At the same time, Haire says there has been a general reluctance on the part of Australian investors to put money into agribusinesses, often seen as too volatile and cyclical.

"The Australian appetite for investment in the sector just isn't (generally speaking) there.

"Agribusinesses in Australia, more often than not, are valued at a discount to their net tangible assets.
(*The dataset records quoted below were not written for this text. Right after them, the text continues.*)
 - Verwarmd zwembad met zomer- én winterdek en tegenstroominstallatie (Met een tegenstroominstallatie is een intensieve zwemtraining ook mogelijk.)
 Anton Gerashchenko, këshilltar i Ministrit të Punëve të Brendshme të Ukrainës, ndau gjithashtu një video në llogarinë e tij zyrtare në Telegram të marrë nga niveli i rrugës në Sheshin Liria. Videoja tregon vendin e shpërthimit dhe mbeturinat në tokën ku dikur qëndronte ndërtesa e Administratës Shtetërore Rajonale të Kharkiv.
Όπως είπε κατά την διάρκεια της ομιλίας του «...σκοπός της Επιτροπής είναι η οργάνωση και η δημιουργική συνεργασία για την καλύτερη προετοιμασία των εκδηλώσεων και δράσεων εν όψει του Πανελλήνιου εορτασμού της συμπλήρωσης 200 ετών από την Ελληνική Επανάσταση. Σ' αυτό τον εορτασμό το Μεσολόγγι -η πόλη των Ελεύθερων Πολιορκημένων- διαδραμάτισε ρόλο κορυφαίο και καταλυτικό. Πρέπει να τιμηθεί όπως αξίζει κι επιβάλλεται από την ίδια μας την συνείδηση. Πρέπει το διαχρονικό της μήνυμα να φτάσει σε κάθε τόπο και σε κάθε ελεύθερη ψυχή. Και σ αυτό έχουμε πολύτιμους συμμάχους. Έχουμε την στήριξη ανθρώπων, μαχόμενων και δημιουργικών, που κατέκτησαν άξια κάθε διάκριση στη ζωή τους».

International businesses, however, tend to trade at a premium.''

Given his long stint in the agribusiness sector, Haire knows it will always be volatile, even violently cyclical at times.
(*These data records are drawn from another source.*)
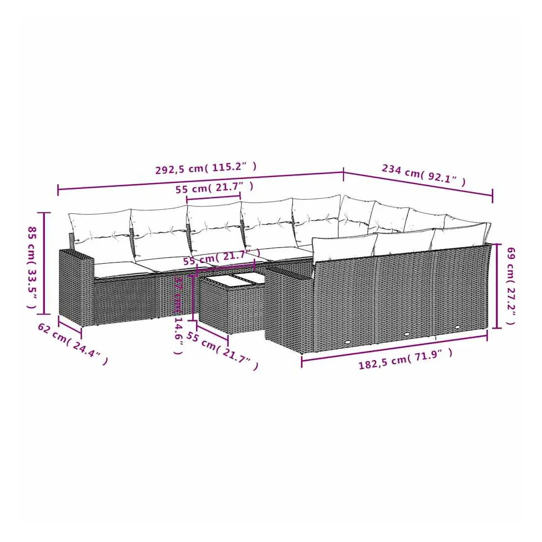 vidaXLCet ensemble de canapés de jardin est le complément parfait de votre arrière-cour, terrasse ou patio, offrant un espace confortable et accueillant pour discuter avec la famille et les amis ou simplement se détendre et profiter de l'extérieur. Matériau durable : la résine tressée, également connue sous le nom de poly rotin, est un matériau synthétique solide et nécessitant peu d'entretien qui ressemble au rotin naturel. Il est léger, facile à nettoyer et couramment utilisé pour les meubles d'extérieur en raison de sa durabilité et de ses propriétés de résistance aux intempéries.Expérience d'assise confortable : ce mobilier d'extérieur, doté de coussins épais, offre une expérience d'assise confortable.Housse amovible et lavable : ces coussins de siège sont dotés de housses amovibles pour un lavage et un entretien faciles.Dessus en verre : le dessus de la table d'extérieur est fabriqué en verre trempé solide et durable, ce qui le rend facile à nettoyer avec un chiffon humide et ajoute une touche d'élégance à votre espace extérieur.Conception modulaire : cet ensemble de meubles d'extérieur a une conception modulaire, ce qui le rend complètement flexible et facile à déplacer, afin que vous puissiez créer un agencement de meubles d'extérieur personnalisé. Bon à savoir :Pour que vos meubles d'extérieur restent beaux, nous vous recommandons de les protéger avec une housse imperméable.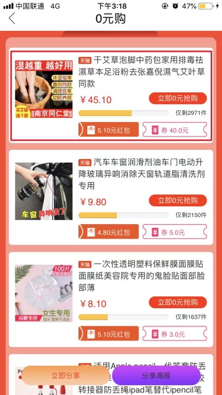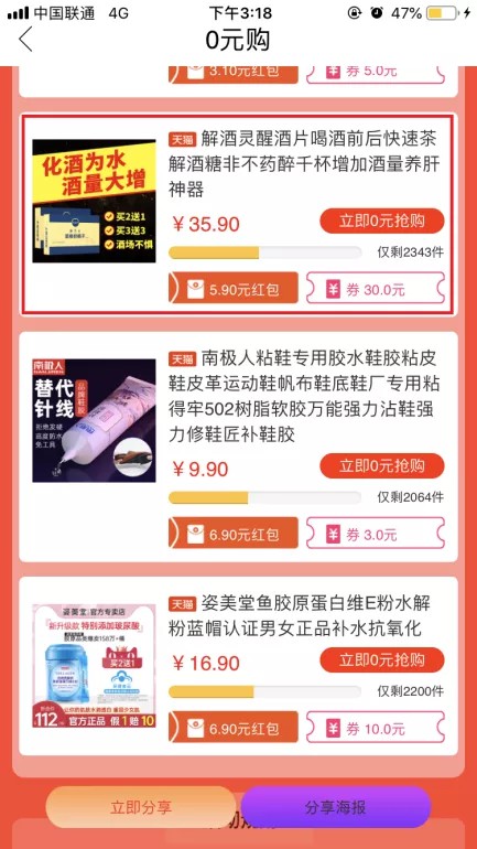 第三步 0元购里有很多商品,不乏原价几十元的,点击商品会打开淘宝APP,在淘宝APP里领优惠卷和红包,领卷后在淘宝里付款购买就是0元。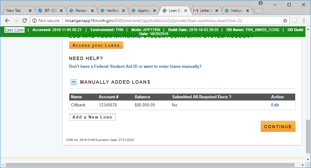 Federal Student Aid Screen when you select “Access your Loans”

But he concedes it is hard to refute the argument that is driving much current foreign interest in Australian agricultural  that the rise of China and India, and a potential "doubling of the world population by 2050'', will provide agribusiness groups "with supply and control of product'' with strong medium to long term growth.

When Olam bought Queensland Cotton, after a takeover battle with another major international rural commodities trader Louis Dreyfus, Haire gave Olam chief executive Sunny Verghese an undertaking he would stay on for three years.

He's now served more than his three years, and is not looking to move on.

Haire says Olam, which has leveraged off its Queensland Cotton platform to expand its Australian grain trading, and in 2009 added to its significant international nut supply business by buying a swathe of almond orchards from the collapsed Timbercorp for $288 million, has given him a great deal of autonomy in his enlarged role as head of its Australian and New Zealand businesses.

And he also heads Olam's investment committee, meaning he is intimately involved in the group's global expansion plans.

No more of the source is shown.